When I was a child, I remember a summer day seeming to last forever. I could do and see so much in one day. It was beautiful. Now as I grow older, time seems to be speeding up. This becomes more apparent after having a child. Today she is walking and talking and yet it feels like yesterday she was born. I fear if I blink too hard she’ll be graduating high school and headed off to college.
It forces me to look carefully at my time. The idea of living until I’m 90 felt like an eternity when I was 12. Now that I’m suddenly in my 30s, it doesn’t seem so far away.
So I ask myself questions that I believe we should all ask. Am I fully present in the moment? Am I creating things that make the world a better place?
To be honest, I am very rarely present in the moment. I am addicted to my phone, which is only easy to say because I know you, the reader, likely are as well. The level of addiction wasn’t as obvious until I ran some experiments. One was to place the phone on a table and just stare at it for 5 minutes without picking it up. I failed many times with many excuses like ‘this is a stupid experiment’ and ‘this doesn’t count, because I just need to check this one thing’.
At times when I’m with my child and should be taking in the moment, I find myself, almost without thought, unlocking my phone to check on something. I’ll stay focused on the screen until she pulls on me, seeming to say, ‘Stop, please!’
Cigarettes are obviously bad.

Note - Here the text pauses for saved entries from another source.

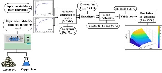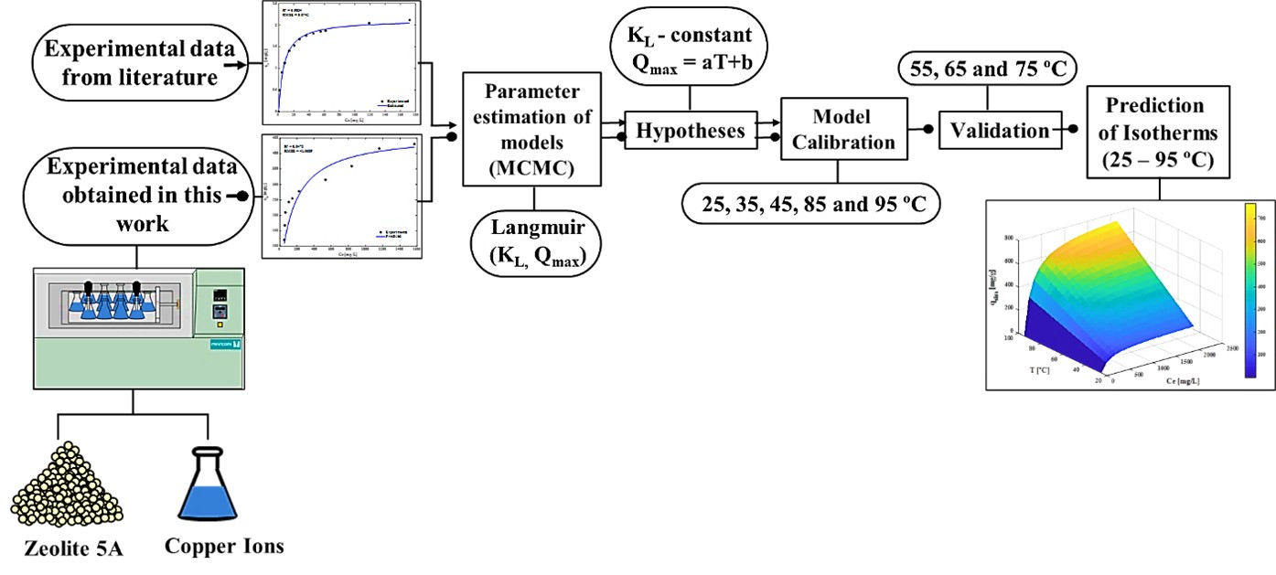 Step 1: Five experimental isotherms of copper ion adsorption (25 °C, 35 °C, 45 °C, 85 °C, and 95 °C) were selected for model calibration. Based on the estimated values of Qmax at these temperatures, a linear regression was performed to estimate the coefficients a and b. The parameter KL was considered constant according to the previously performed sensitivity analysis.
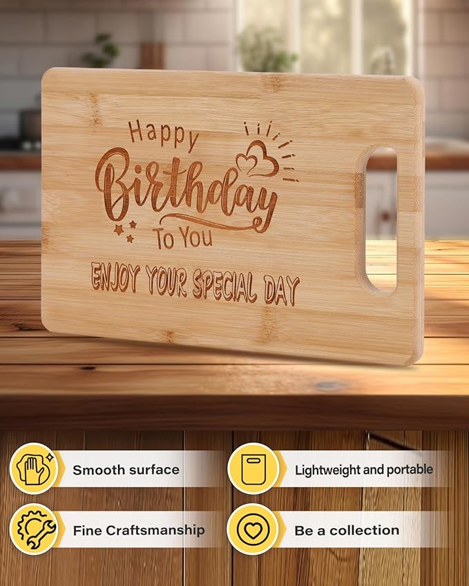 • 【Practical Cutting Board】Different with generic cutting board, our cutting board with 100% bamboo material and pure carving craftsmanship, no plastic stickers to interfere with the use of the product. This bamboo cutting board with a handle design that makes it easy to use and carry. And printed with the warming message "Happy Birthday to You", our cutting board birthday gift serves as a meaningful reminder of the joy and warmth that birthday brings.
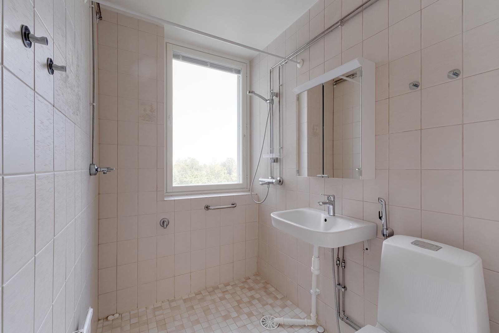 - Kylpyhuone, suihku, peilit, pesukoneliitäntä.
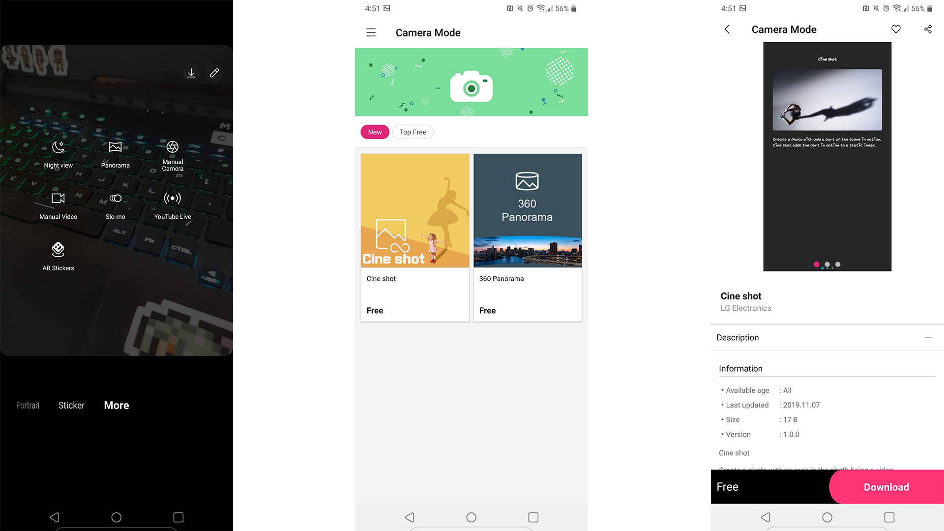 The stock camera app comes with more than half a dozen camera modes, but there are still two more you can add to the mix. Open the camera app, use the carousel to go from Photo mode to More. In the top right corner is a download icon and a pencil icon. Tap the download icon to open LG SmartWorld and download the Cine shot mode and the 360 Panorama mode from there. You can immediately start using them in the camera app when you’re done.
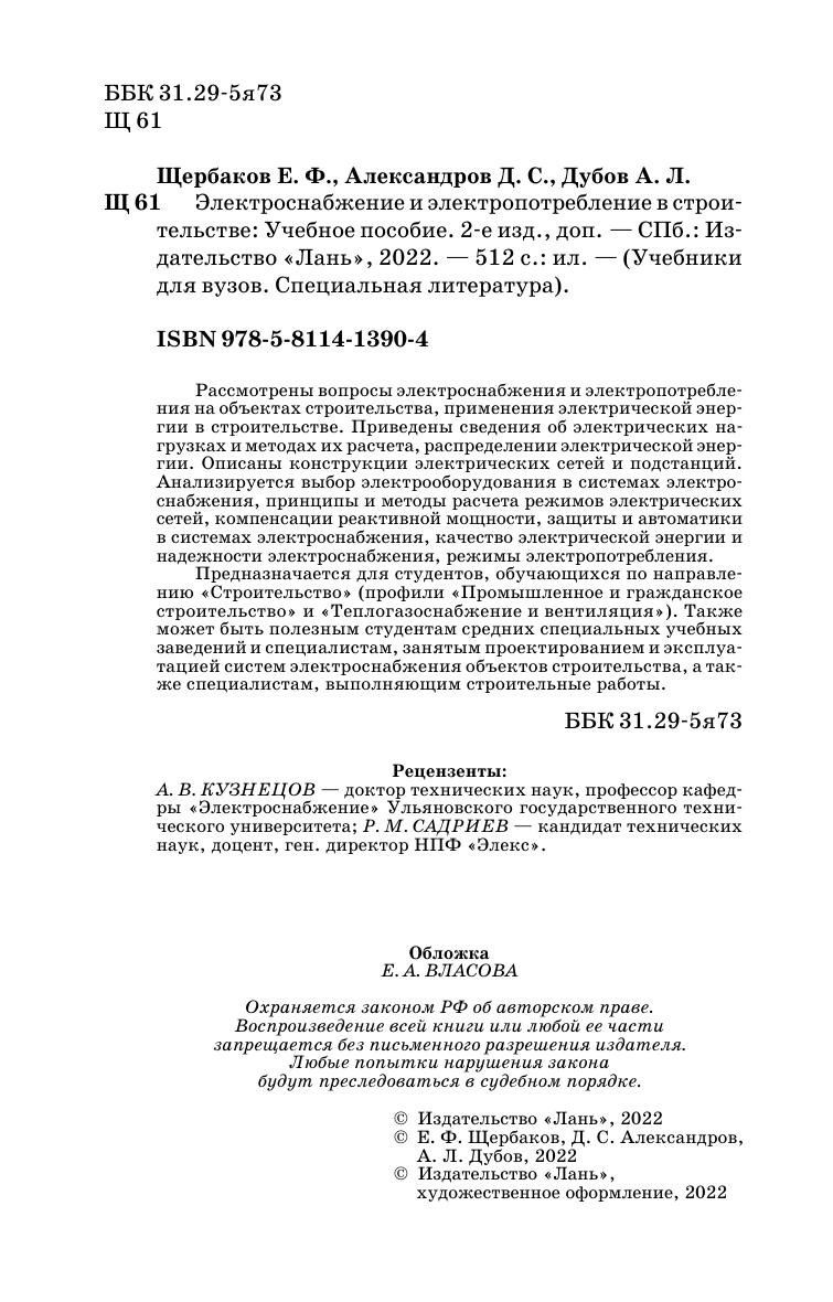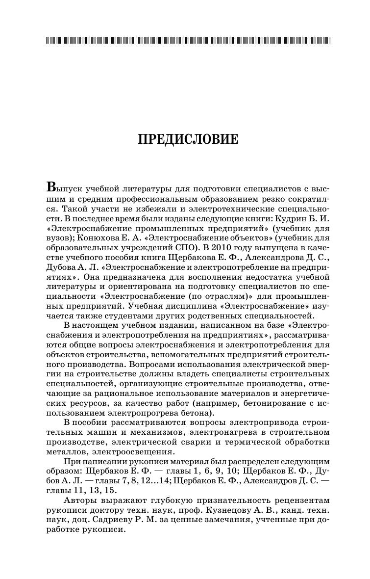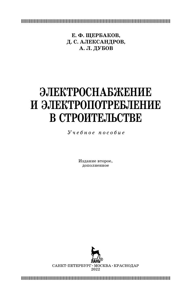 Рассмотрены вопросы электроснабжения и электропотребления на объектах строительства. Рассмотрены вопросы применения электрической энергии в строительстве. Приведены сведения об электрических нагрузках и методах их расчета, распределении электрической энергии. Описаны конструкции электрических сетей и подстанций. Рассматривается выбор электрооборудования в системах электроснабжения, принципы и методы расчета режимов электрических сетей, компенсации реактивной мощности, защиты и автоматики в системах электроснабжения, качество электрической энергии и надежности электроснабжения, режимы электропотребления. Предназначается в качестве учебного пособия для студентов, обучающихся по направлению «Строительство» (профили «Промышленное и гражданское строительство» и «Теплогазоснабжение и вентиляция»). Может быть полезным специалистам, занятым проектированием и эксплуатацией систем электроснабжения объектов строительства, а также специалистам, выполняющим строительные работы.
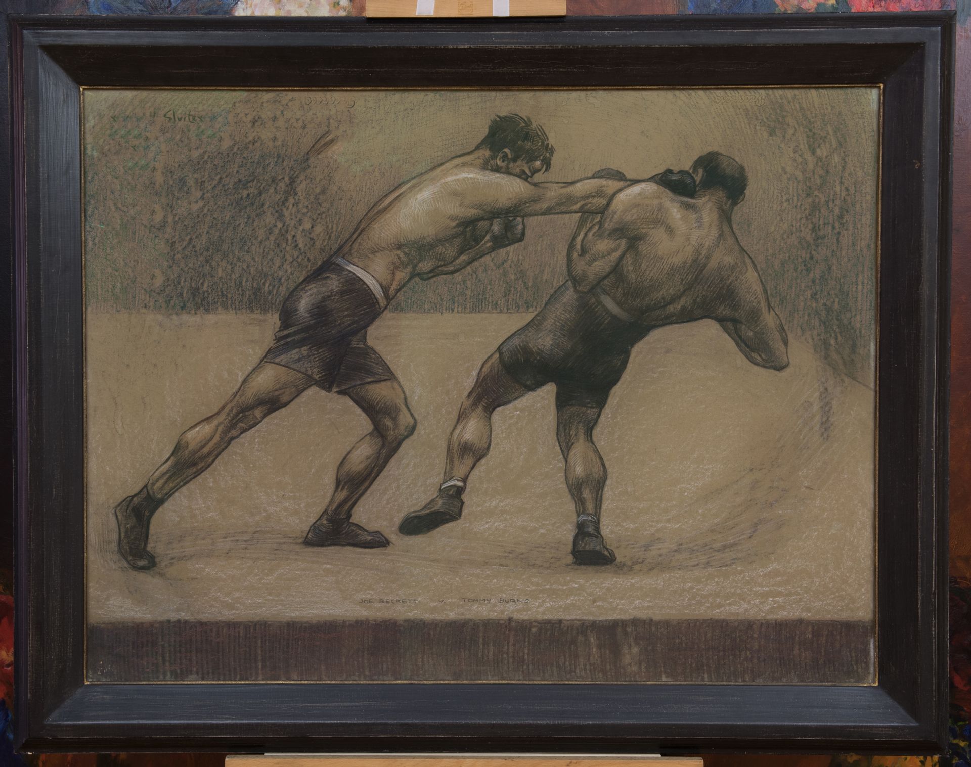 Willy Sluiter kunstwerk • aquarel • tekening • voorheen te koop De bokswedstrijd van Joe Beckett tegen Tommy Burns, Londen 1920
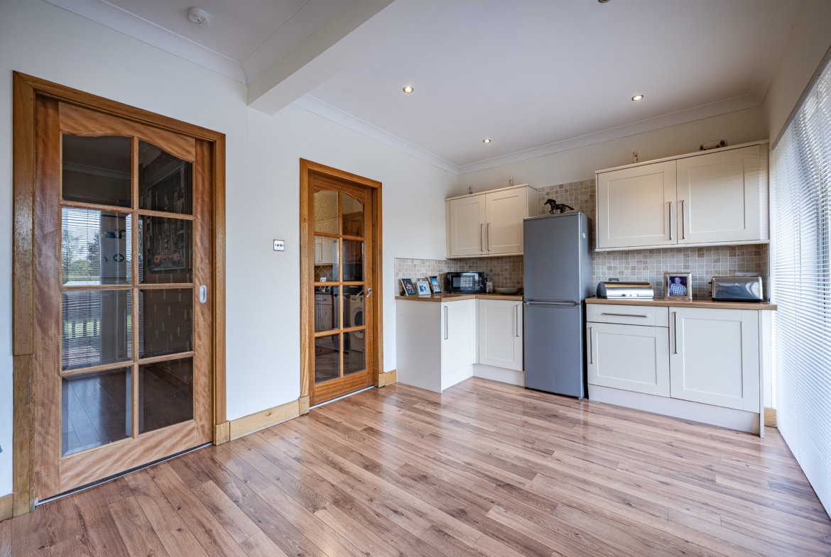 The accommodation comprises of an entrance vestibule leading through to the hallway. The lounge is an appealing room at the front of the house with a bay window and feature fireplace adding to the rooms appeal. Alternatively this room could be utilised as a further bedroom given the additional living space available. Double doors at the back of the lounge continue through to a generously proportioned dining room. The bright and airy dining kitchen is at the back of the house and has French doors out to the gardens. The kitchen is fitted with a good range of modern base and wall mounted units and is flooded with natural light by way of a set of double patio doors and a single door all leading into the gardens.
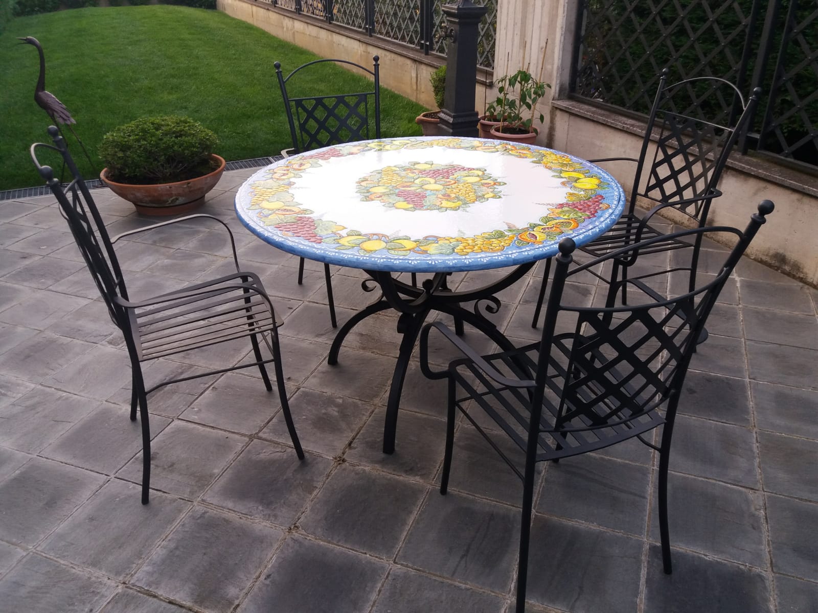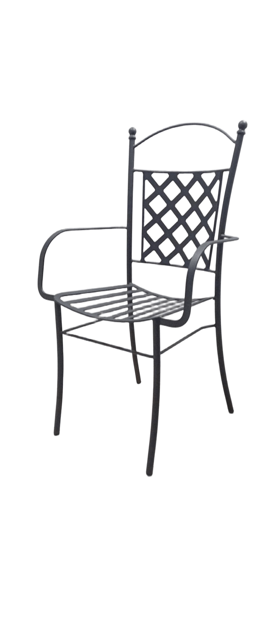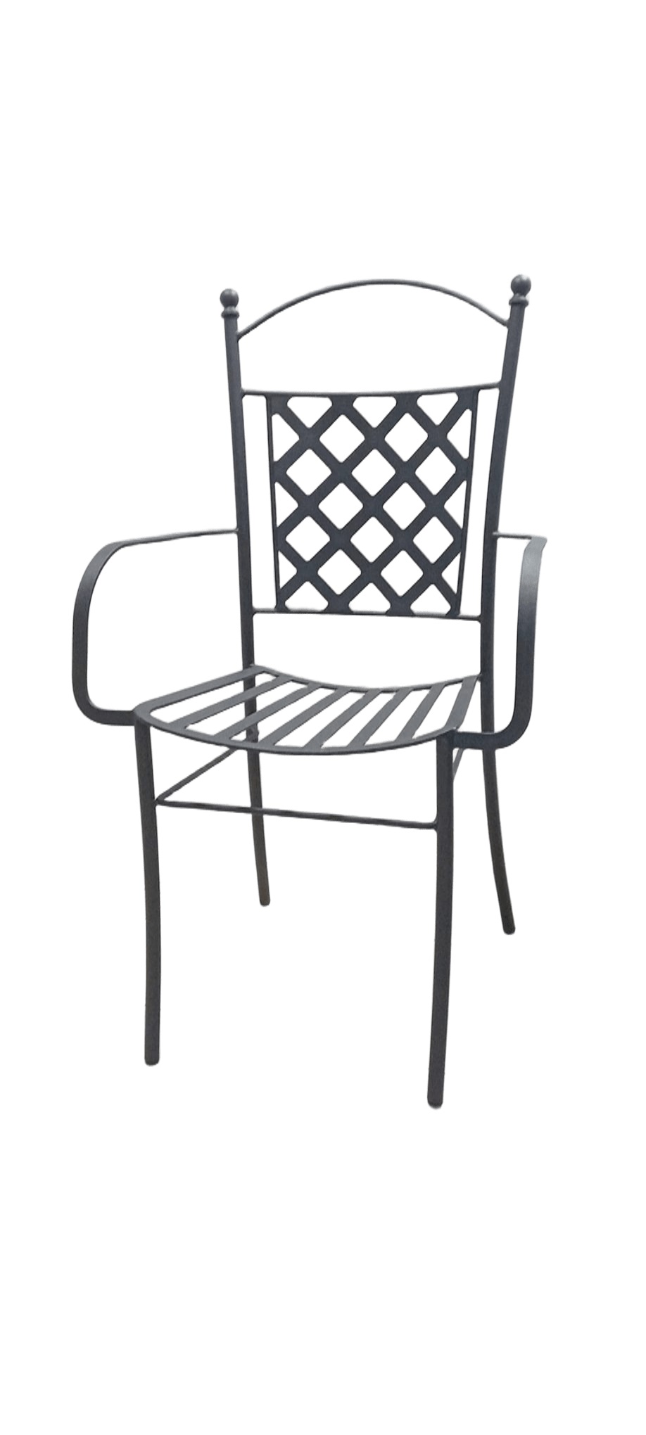 Poltrona in ferro battuto, impilabile, con braccioli, mod. Rombi
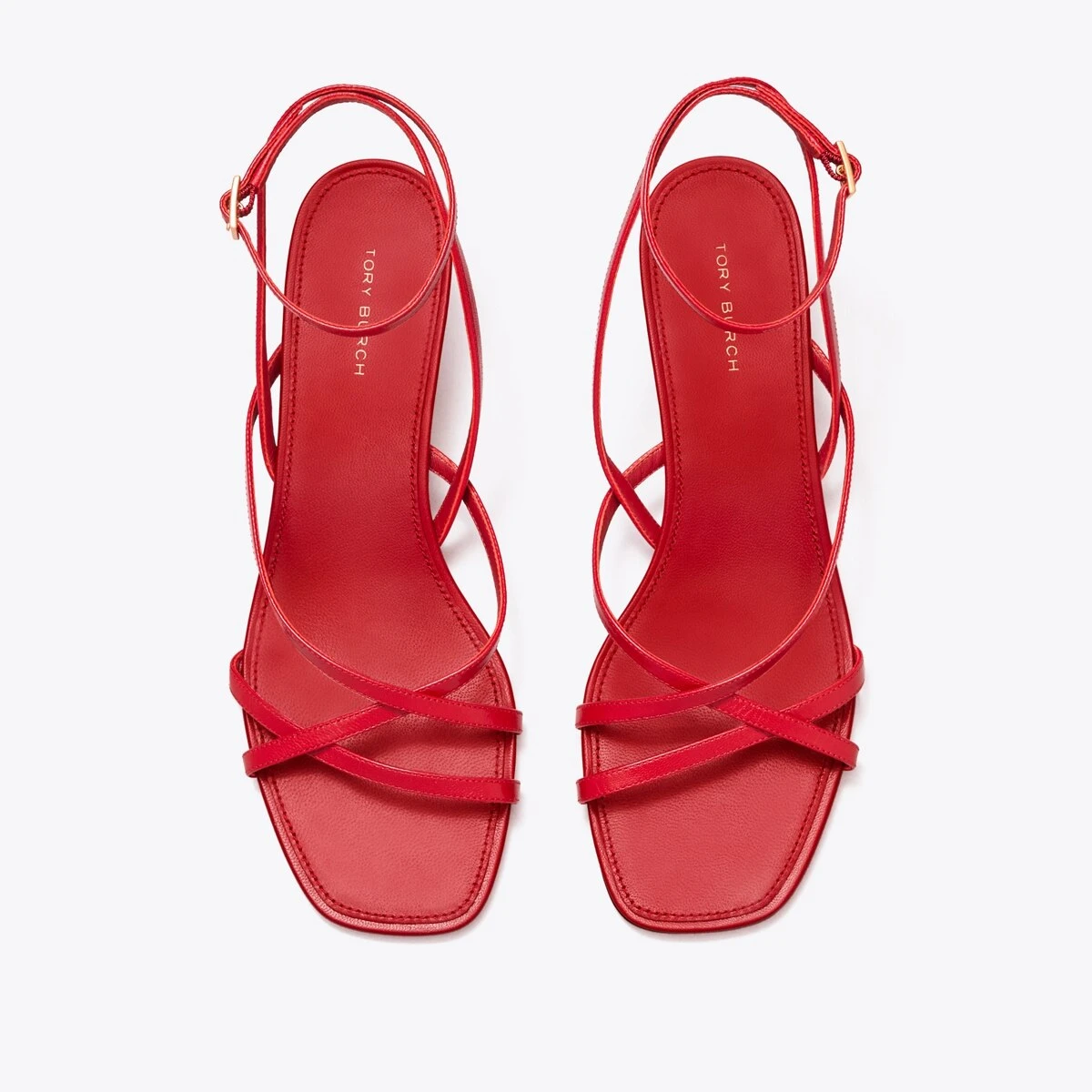 The Capri Low Heel Sandal combines ’90s minimalism with a multi-strap design that frames and flatters the foot. An elegant ankle strap is finished with a metal buckle.
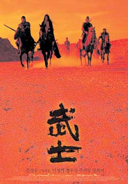 《武士》是一部由中韓影星聯(lián)手打造的古裝動(dòng)作巨片。該片以詩史般的手法講述了明朝芙蓉公主(章子怡飾)被元軍劫持后,又被高麗人(鄭宇盛、朱鎮(zhèn)模飾)救出所引發(fā)的一段如泣如訴的感人故事。本片曾以其宏大的氣勢和精彩的武打場面在韓國獲得驚人票房,躍入當(dāng)年韓國影片排行榜前三行列。

There is study after study showing its direct link to cancer and other health issues. Even then, it took many years for the facts to change people’s habits. Technology in itself isn’t bad, but the apps on it and what they take from us often are. They ask for our time with very rarely anything positive in return.
As someone who builds web and mobile apps for a living, I am acutely aware of all the techniques that apps use to absorb our time. The ways in which they hook us with little dopamine hits that keep us coming back over and over and over again. Despite knowing this, I still struggle to change my habits. I’m now convinced that as a society there is no going back. The time before cell phones and social media is a time of the past. It’s only going to permeate society more.
It’s already at the point where we feel left behind if we don’t know how to use it. Recently, a family member called crying because she couldn’t figure out how to text her friends and felt she was losing them as a result. While you may be more technically savvy than this, you can probably relate to that feeling of anxiety with having to figure out some new device or app.
Since we can’t escape technology, I believe the only answer is to dive in deeper, but do so conscientiously. Essentially, we need to make technology invisible. It’s there when we need it, but it’s not constantly trying to pull us away and we don’t have to figure out how to use it.
Now is a particularly interesting time as augmented reality starts to grow in popularity. We’ll soon have AR glasses that create a more intimate relationship with technology. It could be a beautiful thing where AR truly enhances our reality by serving our needs quicker and easier than today’s cell phones…. or it could be a terrible thing that serves as a greater distraction and time sink.
I believe we can make it beautiful, and that is what drives me now. It is why our mission at Hootsy is to make interacting with technology feel as natural as talking to another human. We want to make the interface fade away.
Technology is there to serve us and while it might get more complex over time, how we interact with it should get easier. We should be able to simply say what we need, just like if we were talking to another human, and then quickly move on with our lives – never having to look down or feel something trying to pull us away from the current moment.